WORK REQUEST: Repeat exactly the lines of the material below that run from the "ゴミの散乱防止とリサイクルを" line to the "天皇后両陛下ご臨席のもと開会式で挨拶を述べる安倍晋三内閣総理大臣" line, including both, and do not carry over any pictures.

AVAILABLE DATA:
···
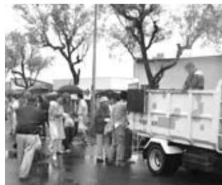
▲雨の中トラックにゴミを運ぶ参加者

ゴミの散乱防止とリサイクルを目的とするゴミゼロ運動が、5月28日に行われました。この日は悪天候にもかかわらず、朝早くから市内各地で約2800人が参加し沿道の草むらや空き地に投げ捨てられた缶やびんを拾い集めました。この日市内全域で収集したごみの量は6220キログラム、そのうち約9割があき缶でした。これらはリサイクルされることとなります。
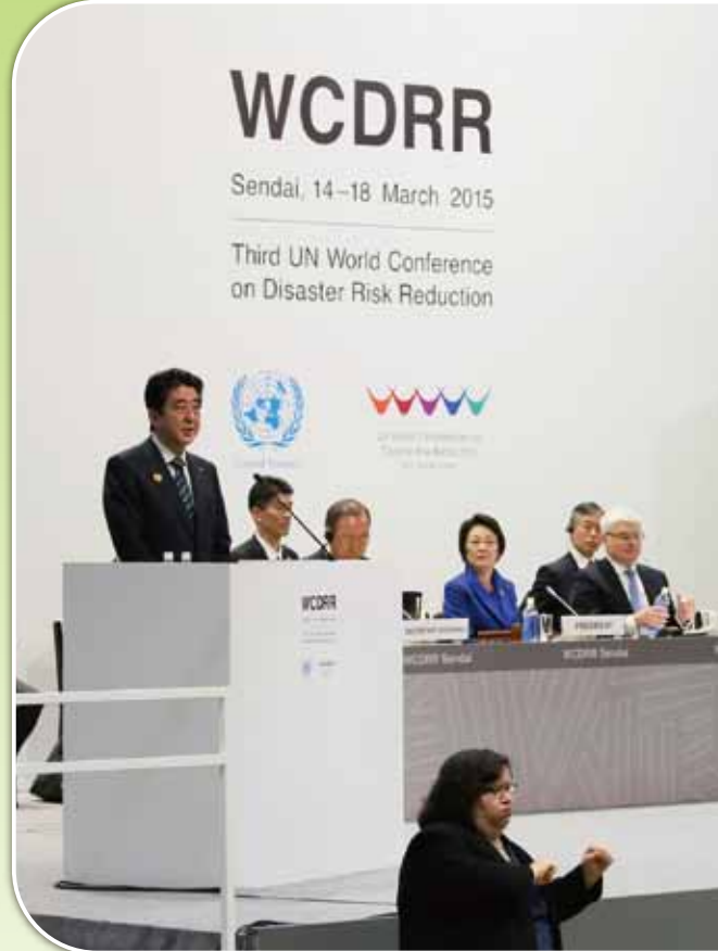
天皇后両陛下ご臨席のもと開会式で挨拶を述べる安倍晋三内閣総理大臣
···
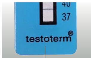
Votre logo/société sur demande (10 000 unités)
···
YOUR RESPONSE:
ゴミの散乱防止とリサイクルを目的とするゴミゼロ運動が、5月28日に行われました。この日は悪天候にもかかわらず、朝早くから市内各地で約2800人が参加し沿道の草むらや空き地に投げ捨てられた缶やびんを拾い集めました。この日市内全域で収集したごみの量は6220キログラム、そのうち約9割があき缶でした。これらはリサイクルされることとなります。
天皇后両陛下ご臨席のもと開会式で挨拶を述べる安倍晋三内閣総理大臣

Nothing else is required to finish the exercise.